A petition banned by the Indonesian government, but bearing the signatures of 1.8 million West Papuans – more than 70% of the contested province’s population – has been presented to the United Nations, with a demand for a free vote on independence.
Exiled West Papuan independence campaigner Benny Wenda presented the bound petition to the UN’s decolonisation committee, the body that monitors the progress of former colonies – known as non-self-governing territories – towards independence, reports The Guardian.
The petition was banned in the provinces of Papua and West Papua by the Indonesian government, and blocked online across the country, so petition sheets had to be “smuggled from one end of Papua to the other”, Wenda told the Guardian from New York.
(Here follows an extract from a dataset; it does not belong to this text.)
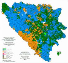 По последней довоенной переписи населения Боснии и Герцеговины (БиГ) мусульман было 1 905 829 человек (43,7 %), сербов — 1 369 258 человек (31,4 %), хорватов — 755 892 человека (17,3 %). Из 106 общин БиГ мусульмане составляли большинство в 35 общинах, в основном в центральной Боснии, а сербы — в 32 западных и восточных общинах республики. Хорваты составляли большинство на юге БиГ и в некоторых центральных общинах. Около 240 тысяч жителей БиГ самоопределились как «югославы». Большинство из них были сербами или детьми от смешанных браков. В 1991 году 27 % заключённых браков были смешанными. По площади занимаемой территории сербы опережали другие боснийские народы. Они представляли абсолютное большинство населения на 53,3 % территории БиГ[3].

Independence campaigners have been jailed and allegedly tortured in Papua for opposing the rule of Indonesia, which has controlled Papua (now Papua and West Papua) since 1963. Those signing the petition risked arrest and jail.
“The people have risked their lives, some have been beaten up, some are in prison. In 50 years, we have never done this before, and we had to organise this in secret,” Wenda said.
“People were willing to carry it between villages, to smuggle it from one end of Papua to the other, because this petition is very significant for us in our struggle for freedom.”
The petition asks the UN to appoint a special representative to investigate human rights abuses and “put West Papua back on the decolonisation committee agenda and ensure their right to self‐determination … is respected by holding an internationally supervised vote”.
West Papua was formerly on the decolonisation committee’s agenda – which monitors progress towards decolonisation and independent rule – but was removed in 1963. Wenda said it felt to him that West Papua’s referendum “had already happened” and that the petition was a manifestation of the people’s desire for independence.